Air Pollution on the Rise Under Trump
Economists at Carnegie Mellon recently published research showing an increase in one form of air pollution by 5.5 percent between 2016 and 2018 after it declined by 24 percent between 2009 and 2016.
Among the reasons the researchers suspect for the rise in annual average fine particulate matter, or PM2.5, are likely policies adopted by the Trump EPA, including significant decreases in Clean Air Act enforcement actions. PM2.5 most notably comes from coal mining and the burning of fossil fuels, including from power plants and combustible engines. The authors of the study estimate an additional 9,700 premature deaths in 2018 alone due to the spike in air pollution
In addition, EPA air emissions data published in June of last year showed a significant increase in bad air days between 2017 and 2019.
In Wake of Coronavirus, Worldwide Emissions Plummet – But Will Return
New satellite data show steep reductions in air pollution in the U.S., as major cities and states have ordered millions of Americans to shelter in place and many businesses to close.
But the damage from increased air pollution has already been done, leaving many people who suffer from underlying health problems and who live or work in dense urban areas or near big sources of emissions such as power plants, refineries and chemical plants at greater risk of contracting COVID-19.
During the 2003 SARS outbreak in China, caused by a similar coronavirus, residents of areas with the highest levels of air pollution were twice as likely to die as those who lived in places with lower levels, according to a study conducted by a team of scientists from China and the U.S.
To make up for lost production time, China is now easing restrictions on manufacturing and other industrial operations that have idled since the pandemic first exploded.

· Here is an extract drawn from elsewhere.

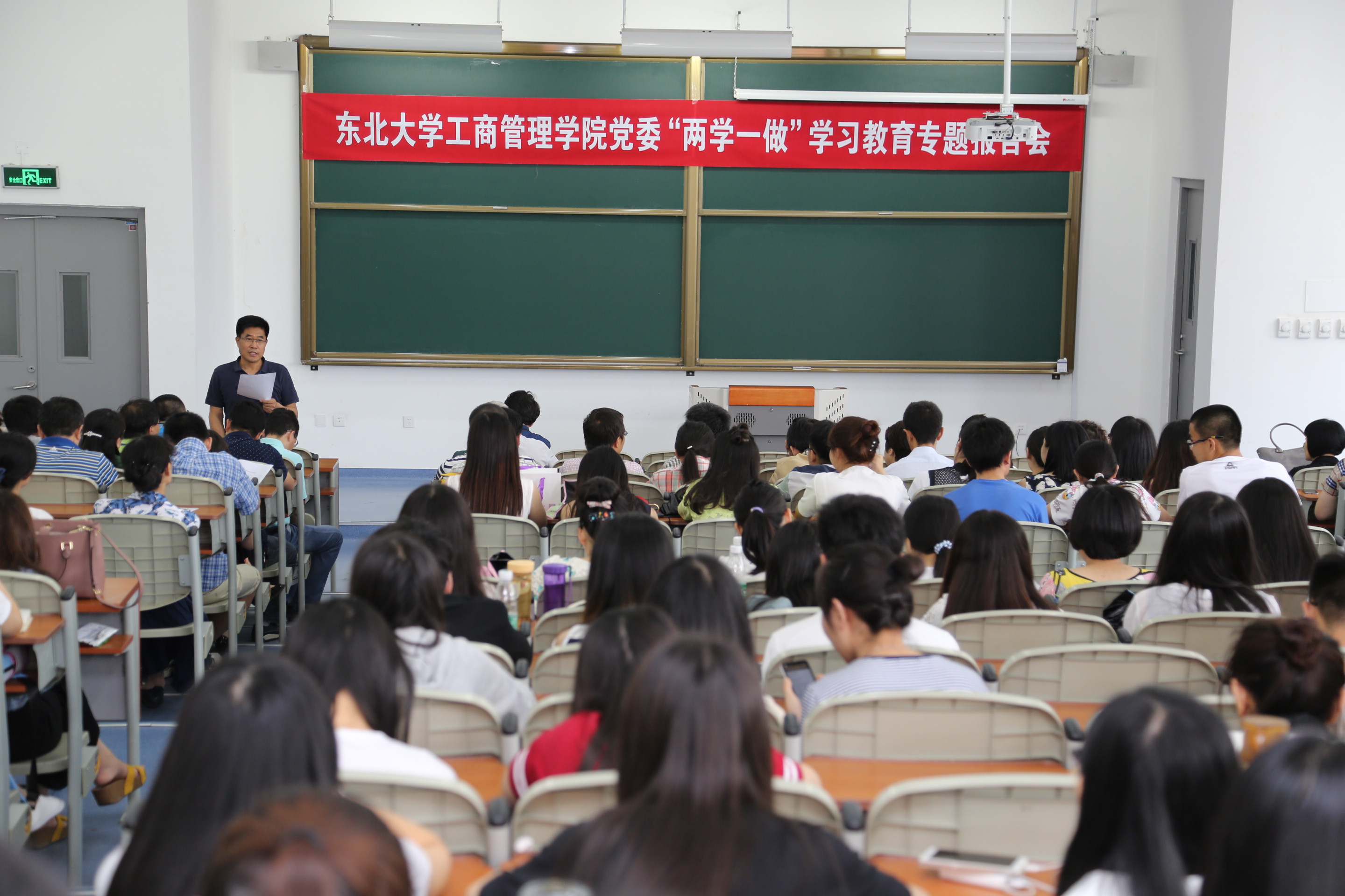按照学校党委有关“两学一做”学习教育的要求和学院党委《实施方案》的安排,6月23日一本道 党委举办了“两学一做”学习教育专题报告会,邀请马克思主义学院院长田鹏颖教授以“五大发展理念”引领新发展为题作报告,全院教职工党员、学生党员代表近200人参加了报告会,报告会由学院党委书记郝树满主持。
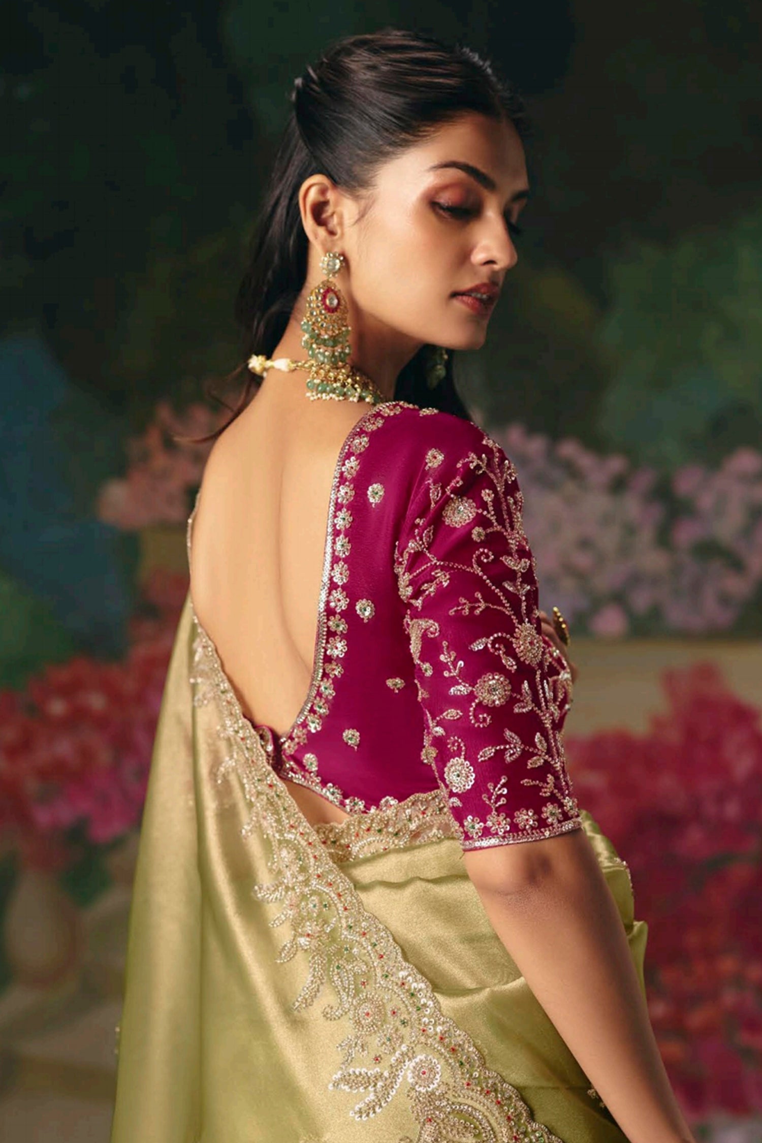 Embodied in a refreshing olive-green tone, this sophisticated saree is crafted from premium, lightweight Organza fabric. The saree is defined by an exquisite scalloped border that is intricately detailed with gold-toned embroidery, shimmering sequins, and fine cutdana work. Delicate floral bootis are scattered across the body of the saree, providing a refined and subtle sparkle. It is paired with a contrasting magenta blouse that features heavy floral embroidery and sequin work on the sleeves and neckline, creating a vibrant and regal appearance. This ensemble is a premier choice for weddings, high-end festive gatherings, and evening ceremonies.

That will eventually happen in the U.S., when these unprecedented efforts to quell the coronavirus and flatten the curve of infection takes hold. Entire industries will ramp back up, and hundreds of millions of Americans will return to their daily commutes to work and school, producing a surge of tailpipe and factory emissions.
The lesson to be learned is that protecting public health does not depend solely on the response to an emergency or the regulation of a specific pollutant. Public health is the sum product of many interrelated policies and practices. Protections targeting a single industrial sector or geographic region have profound ripple effects throughout society.
Congress Must Act to Reduce Air Pollution Through Clean Energy Incentives
Key tax credits for renewable energy have helped spark a revolution in the wind, solar, battery storage and electric vehicle industries, and created more than 3.3 million clean energy jobs. Now those credits are expiring, and Congress failed to reinstate these incentives in the latest coronavirus stimulus package.
The next round of aid lawmakers consider must extend and expand these tax credits and take additional steps to bolster the clean energy industry. This will simultaneously address the three great crises confronting the nation: the pandemic, the economic collapse and climate change.